In the xenograft mouse model, lycorine treatment of tumor-bearing mice significantly reduced the tumor volume (Fig. 8I) and tumor weight (Fig. 8J) and decreased the number of blood vessels 2.3-fold (Fig. 8K and L) as compared with the saline control. Strikingly, tube formation assay showed that the tube forming ability of CT45A1-overexpressing HeLa cells was completely inhibited by 5 μM lycorine (Fig. 8M and N). There were no obvious complications in the mice treated with lycorine at the effective dosage (Supplementary Fig. S5D and S5E). Together, these data indicate that CT45A1-enhanced tumorigenesis, neovascularization, cisplatin drug resistance, and apoptosis resistance can be effectively reduced by lycorine, and lycorine is a new CT45A1 expression suppressor and a novel cervical cancer inhibitor. Conceptually, these findings indicate that inhibition of CT45A1 expression is a new strategy for cervical cancer therapy.
3 Discussion
In addition to HPV, multiple oncogenes trigger the initiation and progression of cervical cancer [8,9,10,11]. However, the mechanisms underlying HPV-independent cervical cancer initiation and progression are unclear. The effect of CT45A1 and CT45 family members on cervical cancer progression has not yet been reported in the literature. We revealed that CT45A1 was abnormally overexpressed in cervical cancer and overexpression of CT45A1 was closely associated with poor prognosis in the cancer patients. CT45A1 enhanced tumor growth, neovascularization, metastasis, drug resistance, and apoptosis resistance by up-regulation of various oncogenic genes and activation of key tumorigenic signaling pathways. CT45A1-mediated carcinogenesis was markedly inhibited by the small molecule lycorine. These findings provide new sight into the pathogenesis of cervical cancer and offer a new biomarker for cervical cancer diagnosis and prognostic prediction, and targeted therapy.
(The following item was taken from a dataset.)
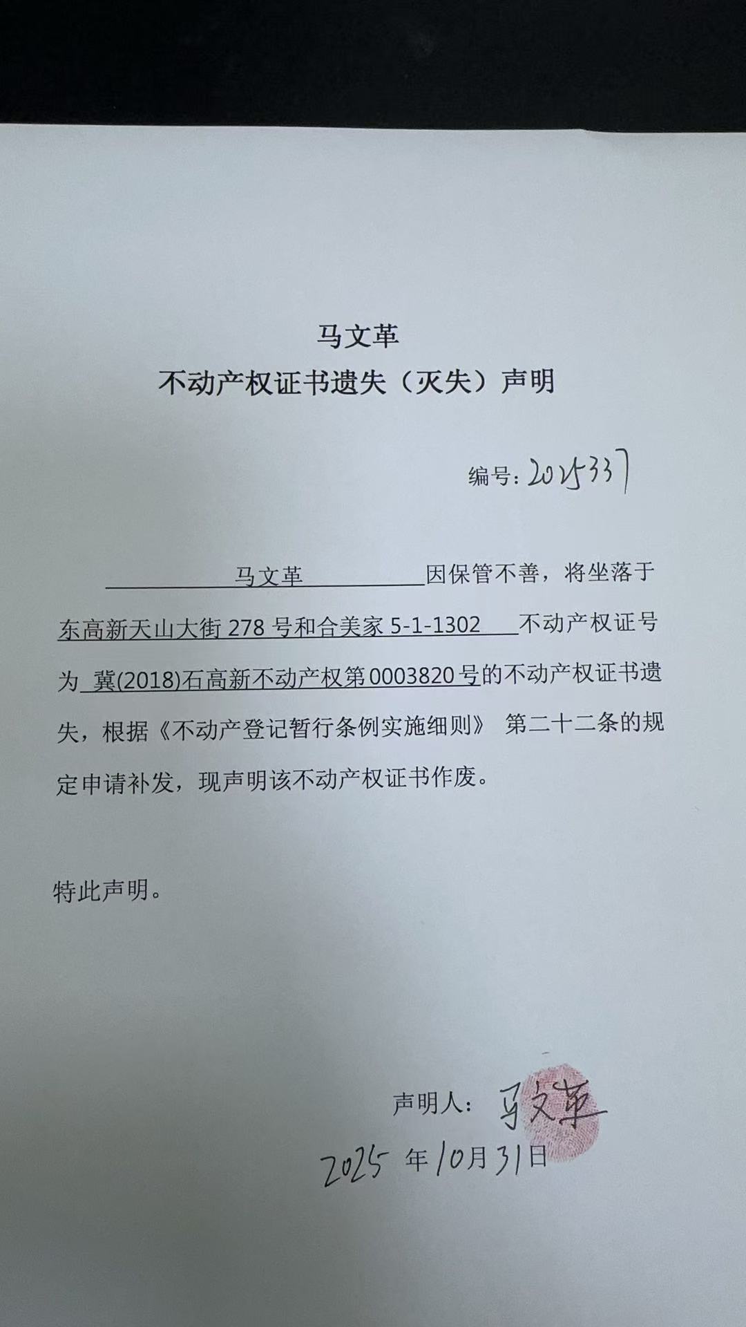 马文革不动产权证书遗失(灭失)声明(编号:2025337)
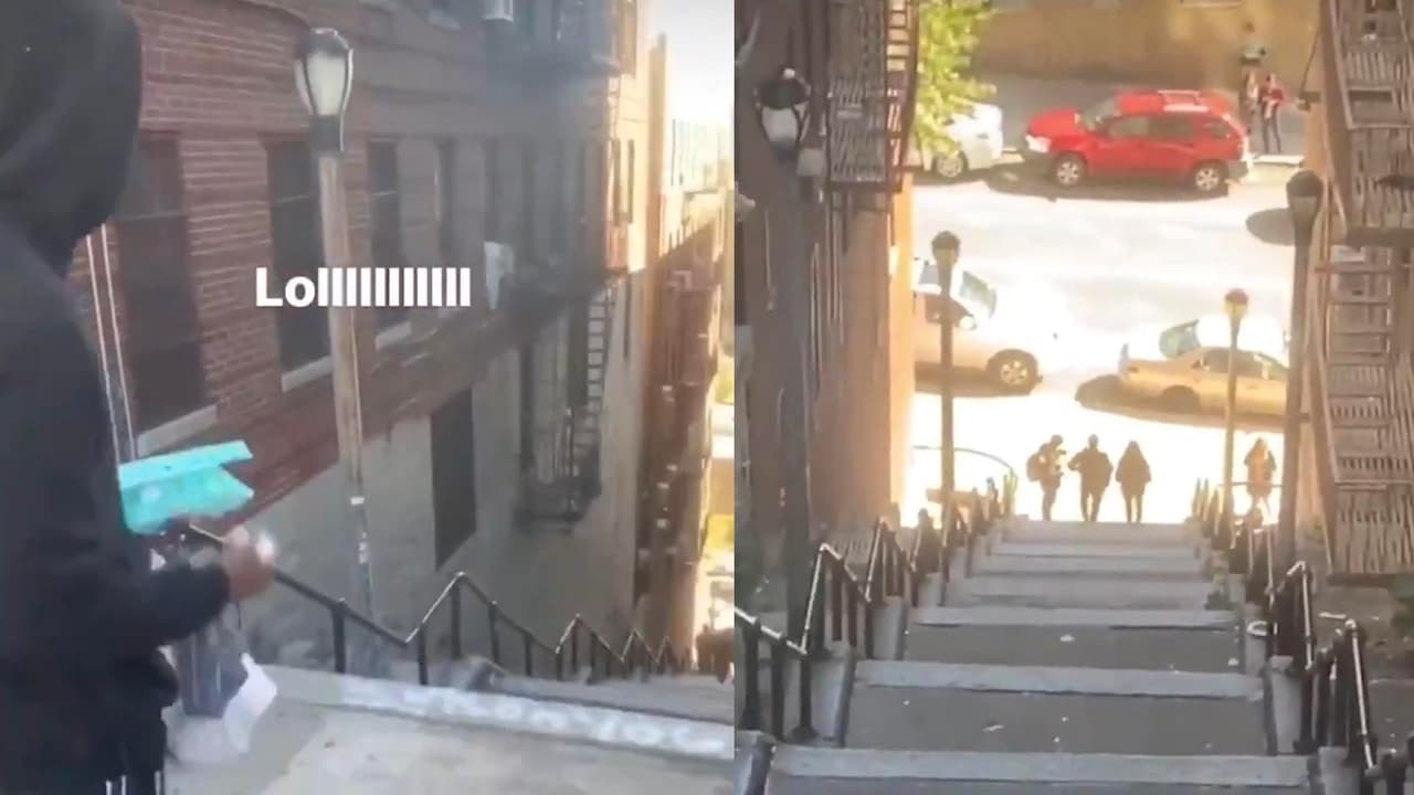 (VIDEO) Joven de El Bronx le entra a ‘huevazos’ a turistas en escaleras que se hicieron famosas por película de El Joker

Overexpression and/or activation of tumorigenic signaling proteins, including FN1 [32, 33], SRC [34,35,36], CREB [37, 38], YAP [39,40,41], and TAZ [42,43,44], play a critical role in the progression of cervical cancer. The mechanisms underlying HPV-independent cervical cancer carcinogenesis and progression are unknown. In the current study, novel tumorigenic signaling pathways in cervical cancer were identified, including the CT45A1-FN1-SRC-CREB, CT45A1-SRC-ERK, and CT45A1-SRC-YAP/TAZ signaling pathways. We found that CT45A1 strongly up-regulated expression of the oncogenic FN1 by enhancement of FN1 gene promoter activity. CT45A1 interacted with the key signaling protein kinase SRC and constitutively activated the oncoprotein protein in the absence of HPV and growth factors, resulting in activation of downstream tumorigenic CREB and YAP/TAZ signaling proteins. The transcription factor CREB and the transcription co-activators YAP/TAZ promote overexpression of a large numbers of oncogenic genes, consequently driving cervical cancer progression [40,41,42,43,44,45]. However, the mechanisms underlying activation of these transcription factor and co-activators in cancer are enigmatic. In this study, we found that CT45A1 acts as an activator of various tumorigenic signaling pathways. These findings provide new sight into the mechanisms underlying cervical cancer tumorigenesis, neovascularization, metastasis, and progression.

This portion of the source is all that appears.